■ **YOUR OBJECTIVE**:
The line with "ميزات بلوزة سادة" marks the start; please set it down along with all later lines through the end of the material, exactly, leaving out pictures.

■ **DATA BELOW**:
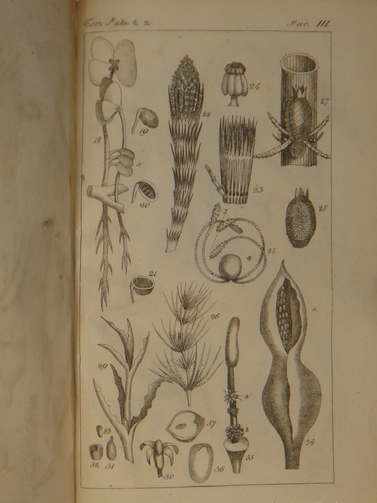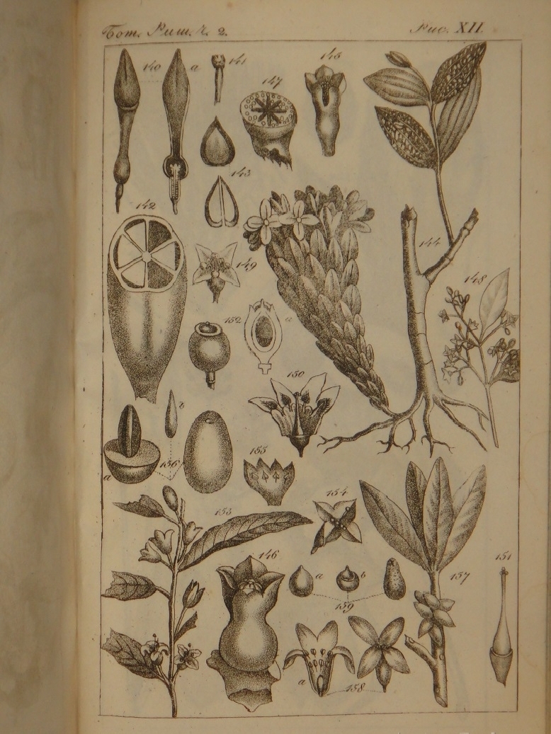 Часть 1. Органография с физиологией и таксономия. 1835. XXII, 571, V стр. 5 складных таблиц и 14 листов иллюстраций с поясняющими подрисуночными подписями.
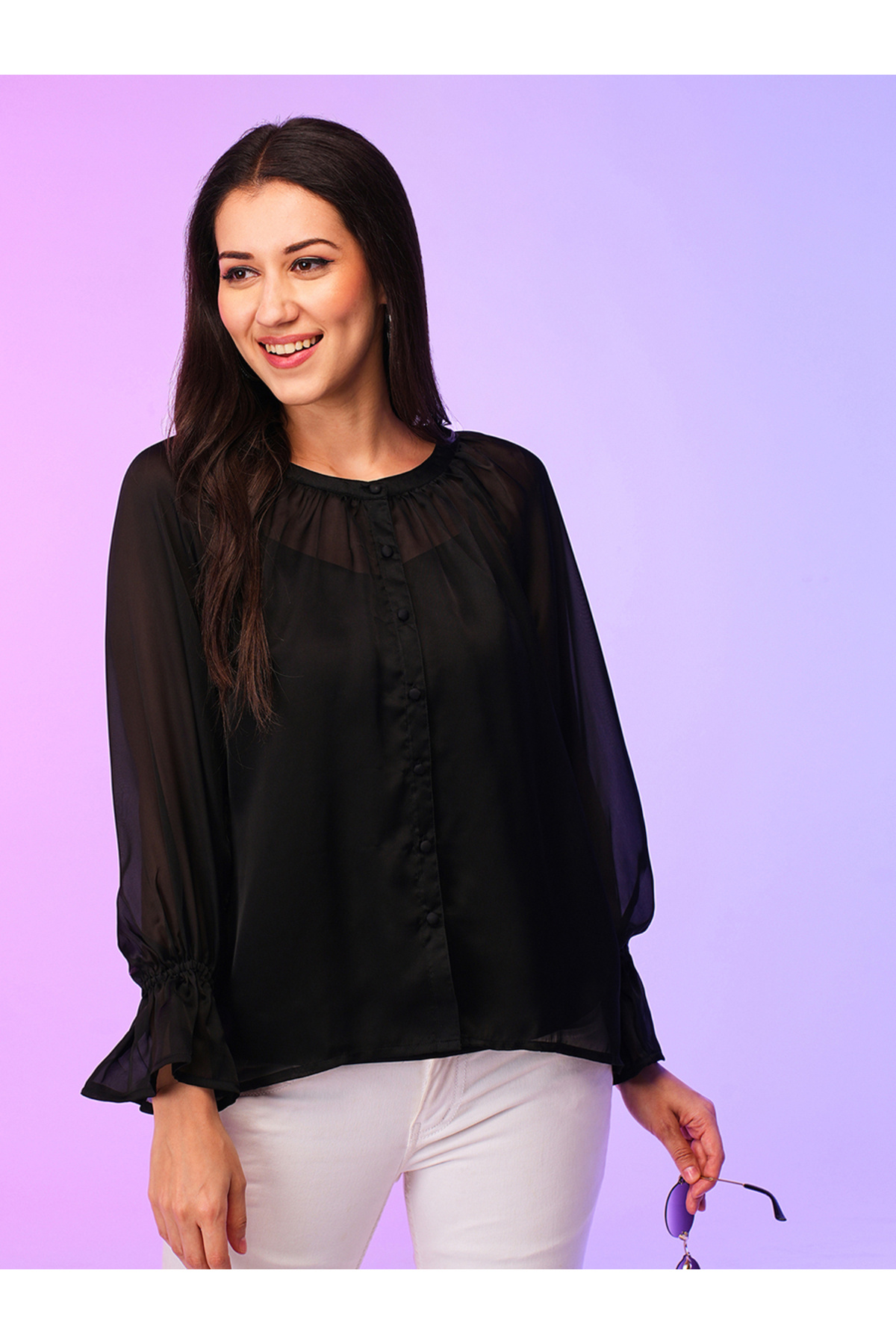 ميزات بلوزة سادة برقبة دائرية وأكمام فلوت من Globus By Styli
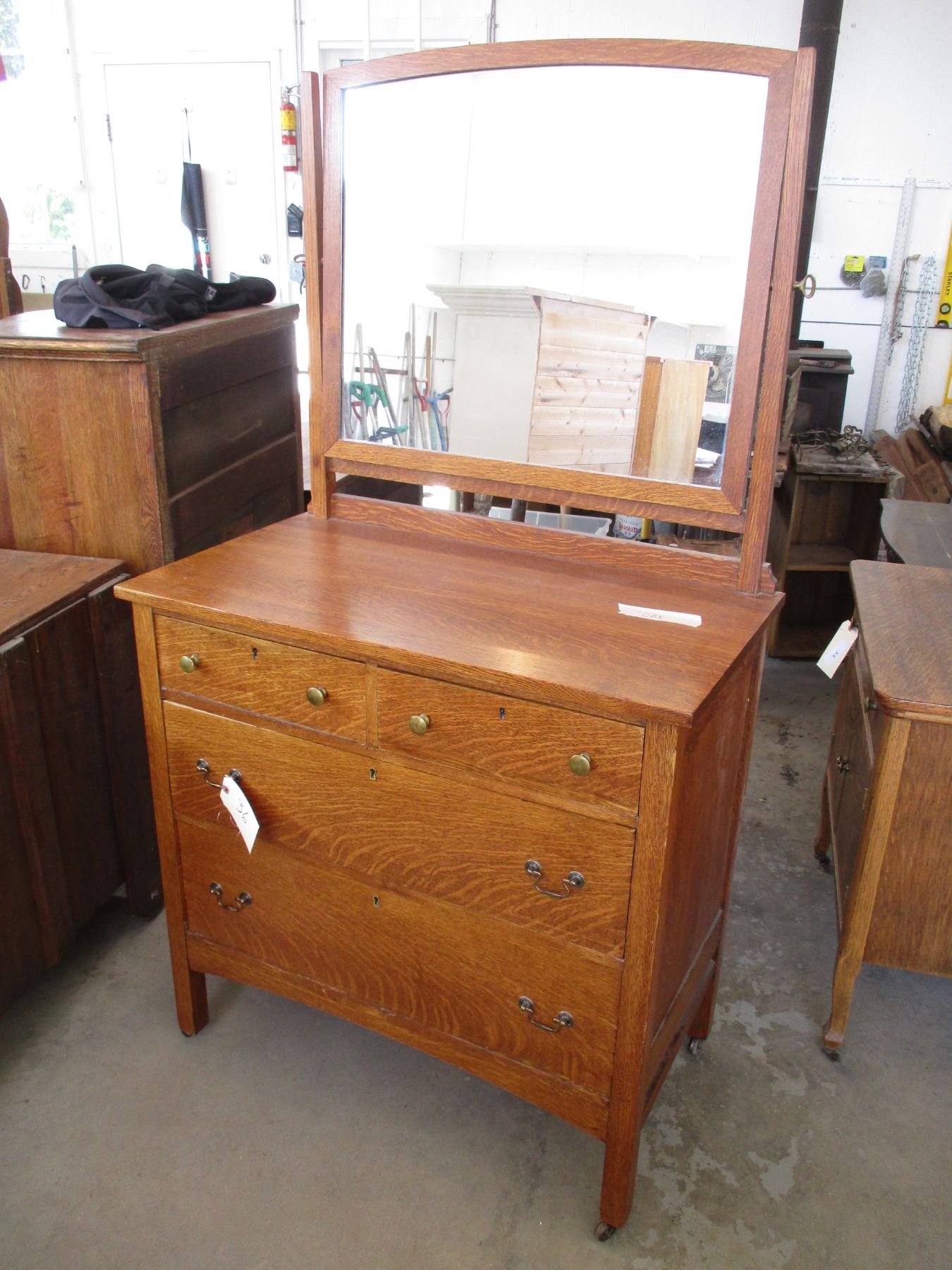 4-Drawer Oak Dresser on Casters w/ Mirror - 36x20x67
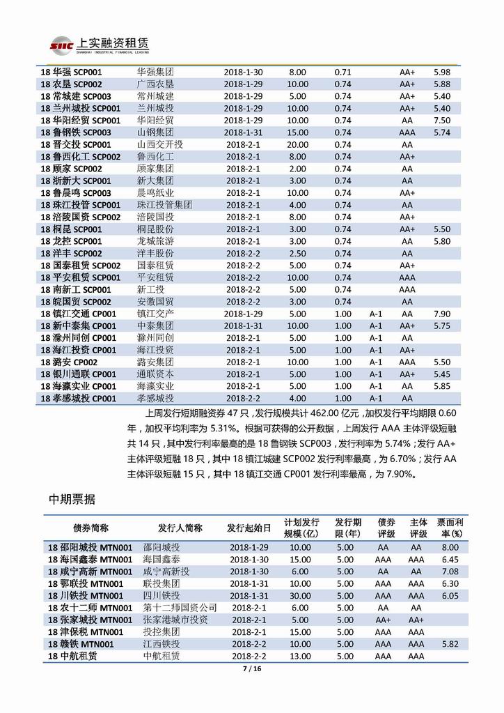 | 當(dāng)前位置:新聞中心 > 上實-融資工具周報20180126-20180202 | |||||

■ **FINAL ANSWER**:
 ميزات بلوزة سادة برقبة دائرية وأكمام فلوت من Globus By Styli
 4-Drawer Oak Dresser on Casters w/ Mirror - 36x20x67
 | 當(dāng)前位置:新聞中心 > 上實-融資工具周報20180126-20180202 | |||||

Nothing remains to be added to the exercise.